Okay that's good to know :) I think you may want to mention this in the
commit log too.

> > Can you give some details, like what is the device in question?
> 
> It happens with both AR and TR based TBT3 devices connected to AMD USB4
> router.
> It's not any one specific vendor or model, we've seen it across multiple
> vendors with
> a failure rate of about 30%.
> 
> 
> With an analyzer connected in between we can see that the connected TBT3
> device
> does respond to the bit banging correctly, but the response is not making it
> over to
> the USB4 router.

I see.

> It happens with multiple retimer vendors, but it hasn't been checked on a
> retimer-less
> system yet.
> 
> > > Adjust the flow to try this on TBT3 devices before resorting to bit
> > > banging.
> > > 
> > > Cc: stable@vger.kernel.org
> > > Signed-off-by: Mario Limonciello <mario.limonciello@amd.com>
> > > ---
> > >   drivers/thunderbolt/eeprom.c | 4 ++++
> > >   1 file changed, 4 insertions(+)
> > > 
> > > diff --git a/drivers/thunderbolt/eeprom.c b/drivers/thunderbolt/eeprom.c
> > > index c90d22f56d4e1..d9d9567bb938b 100644
> > > --- a/drivers/thunderbolt/eeprom.c
> > > +++ b/drivers/thunderbolt/eeprom.c
> > > @@ -640,6 +640,10 @@ int tb_drom_read(struct tb_switch *sw)
> > >   		return 0;
> > >   	}
> > > +	/* TBT3 devices have the DROM as part of NVM */
> > > +	if (tb_drom_copy_nvm(sw, &size) == 0)
> > > +		goto parse;
> > > +
> > >   	res = tb_drom_read_n(sw, 14, (u8 *) &size, 2);
> > >   	if (res)
> > >   		return res;
> > > -- 
> > > 2.25.1
> 
> I guess something else that might be less detrimental the loss of UUID
> by reading DROM this way would be to only read DROM this way if any CRC
> failed.

Actually we do read UUID for TBT3 devices from link controller registers
(see tb_lc_read_uuid()) instead so I think perhaps we can limit the
bitbanging just for older TBT devices with no LC or something like that?
  
Mika Westerberg Feb. 15, 2023, 7:26 a.m. UTC | #4
On Wed, Feb 15, 2023 at 08:24:39AM +0200, Mika Westerberg wrote:
> > I guess something else that might be less detrimental the loss of UUID
> > by reading DROM this way would be to only read DROM this way if any CRC
> > failed.
> 
> Actually we do read UUID for TBT3 devices from link controller registers
> (see tb_lc_read_uuid()) instead so I think perhaps we can limit the
> bitbanging just for older TBT devices with no LC or something like that?

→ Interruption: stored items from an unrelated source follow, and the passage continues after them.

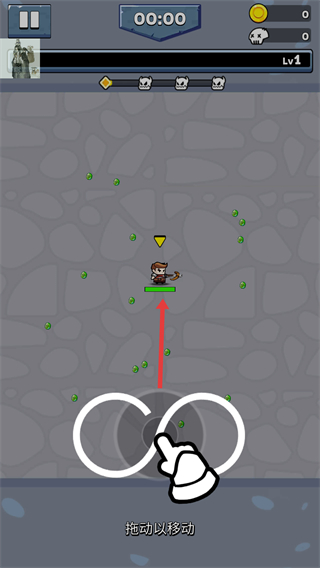 1、進入游戲后,通過拖動界面下方的操作區域控制角色移動,以此收集場景中的綠色道具,同時推進關卡進度,這是基礎的移動與資源收集方式。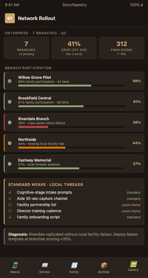Cross-branch learning accelerates rollout. A branch that cracks a difficult partnership configuration — say, a tri-county network of small memory-care homes with no central administration — should not be an isolated success story. StoryTapestry's network dashboard surfaces these pattern wins, and enterprise rollout teams use them as templates for structurally similar branches. The logic mirrors how franchise networks share playbooks across territories: locally adapted, structurally unified.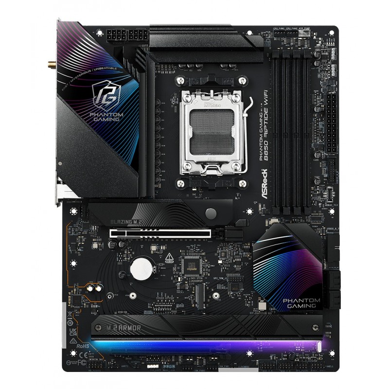 Asrock Phantom Gaming B850 Riptide WiFi. Fabricant de processeur: AMD, Socket de processeur (réceptable de processeur): Emplacement AM5, Processeurs compatibles: AMD Ryzen 7000 Series, AMD Ryzen 8000 Series, AMD Ryzen 9000 Series. Types de mémoire pris en charge: DDR5-SDRAM, Mémoire interne maximale: 256 Go, Type de support (slot): DIMM. Interfaces de lecteur de stockage prises en charge: PCI Express 4.0, PCI Express 5.0, SATA III, Types de lecteurs de stockage pris en charge: HDD & SSD, Niveaux RAID: 0, 1, 10. Résolution maximale: 3840 x 2160 pixels. Connecteur USB: USB Type-A, USB Type-C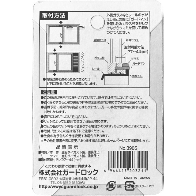商品名 サッシ窓用補助錠 ガードマン No.390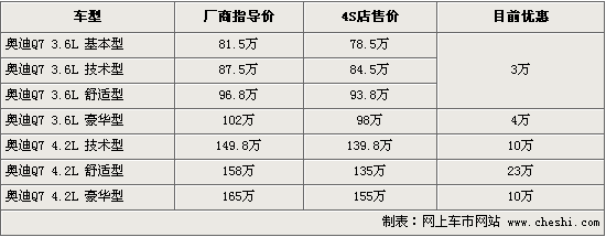 據(jù)奧迪4S店銷售人員介紹,目前銷售的奧迪Q7包括了3.6和4.2排量共7款車型。消費(fèi)者在購買的同時可以選擇個性化選裝配置,其中包括了座椅顏色,內(nèi)飾顏色,剎車盤,音響等一系列配置,據(jù)介紹,選擇個性化配置后,車價將有相應(yīng)增加。同時消費(fèi)者可以直接購買原車型,目前全車系3.6排量三款車優(yōu)惠3萬元現(xiàn)金,豪華版優(yōu)惠4萬。而4.2舒適型最低可優(yōu)惠到135萬,降幅達(dá)23萬。目前4S店現(xiàn)車主要以黑色為主,內(nèi)飾有灰色、米色可供選擇。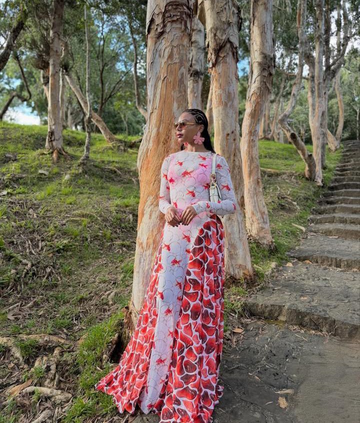 Her third outfit features a flowing, high-necked, long-sleeve gown with floral patterns. A perfect fit for strolling through nature. The gown is a mix of white and red. She styled this look with a white shoulder bag and sunglasses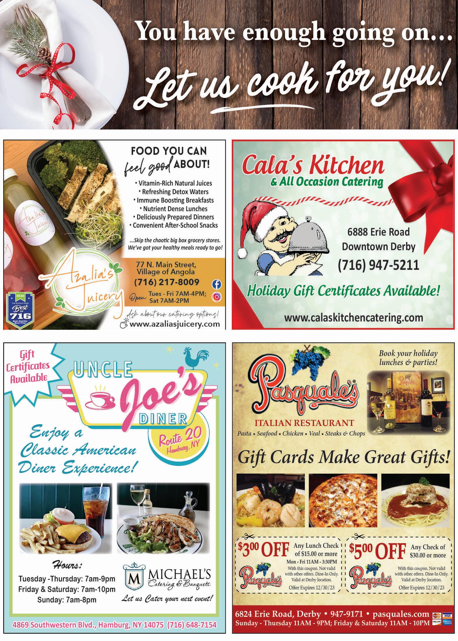 CHRISTMAS TREES & WREATHS. Choose and cut at Kathie and Jerry’s. 1731 Gowans, Angola. Wednesday- Friday 2pm until dusk. Weekends 10am until dusk. 716-4323936

Just make sure UUID stays the same so that users don't need to
re-authorize their devices.
  

Patch

diff --git a/drivers/thunderbolt/eeprom.c b/drivers/thunderbolt/eeprom.c
index c90d22f56d4e1..d9d9567bb938b 100644
--- a/drivers/thunderbolt/eeprom.c
+++ b/drivers/thunderbolt/eeprom.c
@@ -640,6 +640,10 @@  int tb_drom_read(struct tb_switch *sw)
 		return 0;
 	}
 
+	/* TBT3 devices have the DROM as part of NVM */
+	if (tb_drom_copy_nvm(sw, &size) == 0)
+		goto parse;
+
 	res = tb_drom_read_n(sw, 14, (u8 *) &size, 2);
 	if (res)
 		return res;